My friend Ben, who was in Sap, wanted me to draw a dragon for their next record's cover. I wanted to do it, so I started doing little sketches. I was stoked, it would have been my first bit of art work for a full size album. I showed him a couple of them, but they weren't quite what he had in mind. Finally, I came up with one that was pretty close to what he wanted. I remember giving him a copy of the little drawing. I was going to do one more final version to make for a classy, economical design. A small drawing, silk screened in white ink on black album cover blanks. It would have looked fucking sharp.
A couple of days later, Ben comes in to the record store I was working at with this odd look on his face.

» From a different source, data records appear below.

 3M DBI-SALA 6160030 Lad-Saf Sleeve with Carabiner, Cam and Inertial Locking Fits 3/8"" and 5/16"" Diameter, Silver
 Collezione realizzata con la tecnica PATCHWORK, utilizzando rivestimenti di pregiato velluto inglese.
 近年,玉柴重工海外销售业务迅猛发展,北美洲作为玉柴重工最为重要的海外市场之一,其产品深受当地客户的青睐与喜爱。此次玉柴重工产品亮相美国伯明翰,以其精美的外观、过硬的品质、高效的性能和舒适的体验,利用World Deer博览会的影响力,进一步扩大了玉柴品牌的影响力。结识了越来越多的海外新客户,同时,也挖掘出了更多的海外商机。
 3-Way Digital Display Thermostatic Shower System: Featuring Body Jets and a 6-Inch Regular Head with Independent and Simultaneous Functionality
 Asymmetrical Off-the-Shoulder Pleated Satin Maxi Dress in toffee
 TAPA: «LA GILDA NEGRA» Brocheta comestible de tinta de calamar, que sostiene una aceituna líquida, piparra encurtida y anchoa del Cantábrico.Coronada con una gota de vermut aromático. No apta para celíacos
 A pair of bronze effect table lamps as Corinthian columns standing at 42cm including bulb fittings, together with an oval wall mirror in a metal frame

"The covers are already made."
I was astonished. "What do you mean? I haven't even finished with the drawing yet."
"Joey just did them and... well, they're done."

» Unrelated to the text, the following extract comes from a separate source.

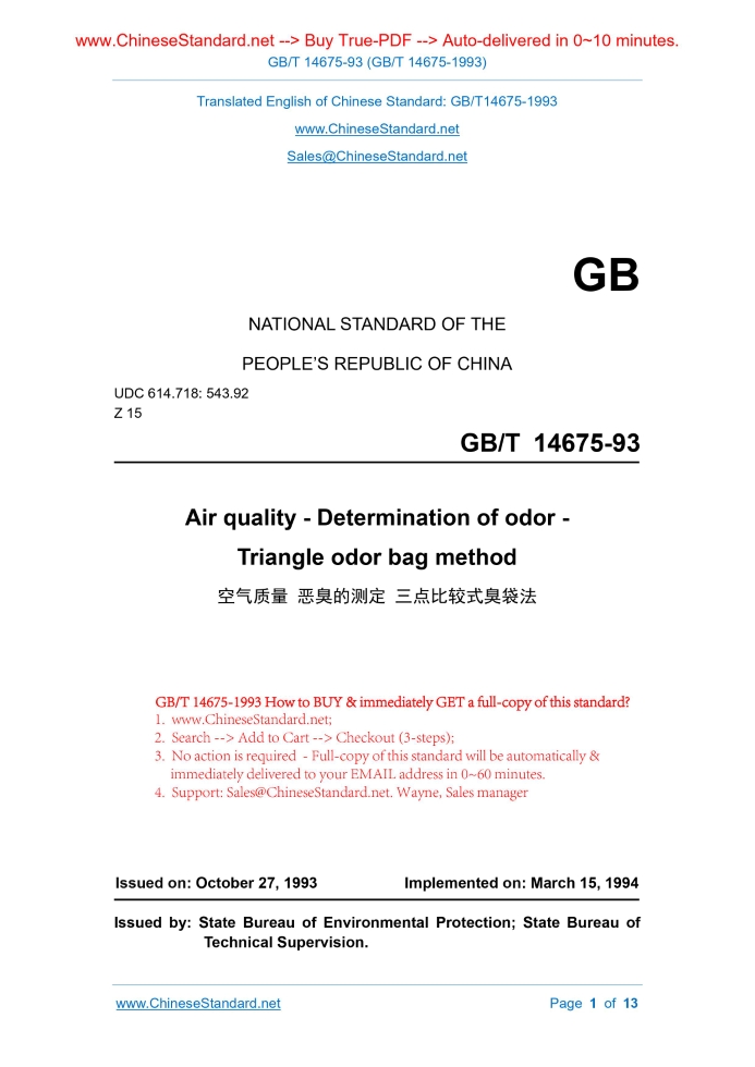 GB/T 14675-1993: Air quality. Determination of odor. Triangle odor bag method Delivery: 9 seconds. True-PDF full-copy in English & invoice will be downloaded + auto-delivered via email. See step-by-step procedure Status: Obsolete
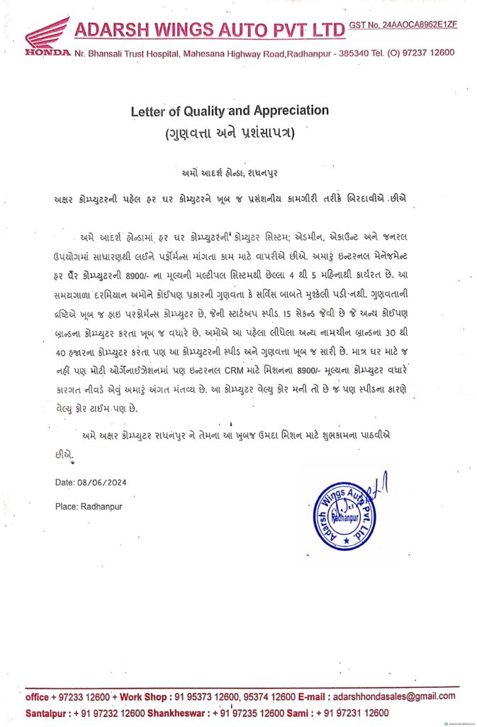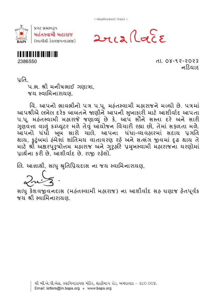 હર ઘર કોમ્પ્યુટર મિશન ને BAPS વૈશ્વિક સંસ્થા ના આધ્યાત્મિક ગુરુ હરિ શ્રી મહંત સ્વામિ મહારાજ ના અંતર થી આશીર્વાદ પ્રાપ્ત થયા છે

Done was correct. The covers were awful. Just awful. Joey was the guy who was putting out the record, and I guess it was ultimately his call to make something so lame. But yeeesh. This is what he went with. Oh well, it's not my label.
As a consolation, someone mucked up my little dragon and stuck it, along with a logo I designed onto the label when they pressed the records.

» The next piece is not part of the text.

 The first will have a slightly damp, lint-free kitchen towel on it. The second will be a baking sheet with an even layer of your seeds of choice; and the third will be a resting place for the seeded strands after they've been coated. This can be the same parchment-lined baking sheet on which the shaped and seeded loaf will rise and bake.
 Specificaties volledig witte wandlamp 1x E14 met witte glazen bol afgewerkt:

What makes me sad is that the record is pretty good. Even after all these years it still sounds fresh and exciting. Too bad for Sap, screwed by the cover.
The cover is supposed to be the shiny thing that grabs the attention, so that people will see it and want to buy it. Sure, the fans of the band will buy it, but what about the people who think Sap comes from trees and don't know squat about some tough prog-punk paired with some very doomy sounding sludge from Coward. What about all the strangers? Who's gonna buy something if it looks like it comes packed in cooked, dessicated shit on cardboard?
You should hear this thing. Am I wrong?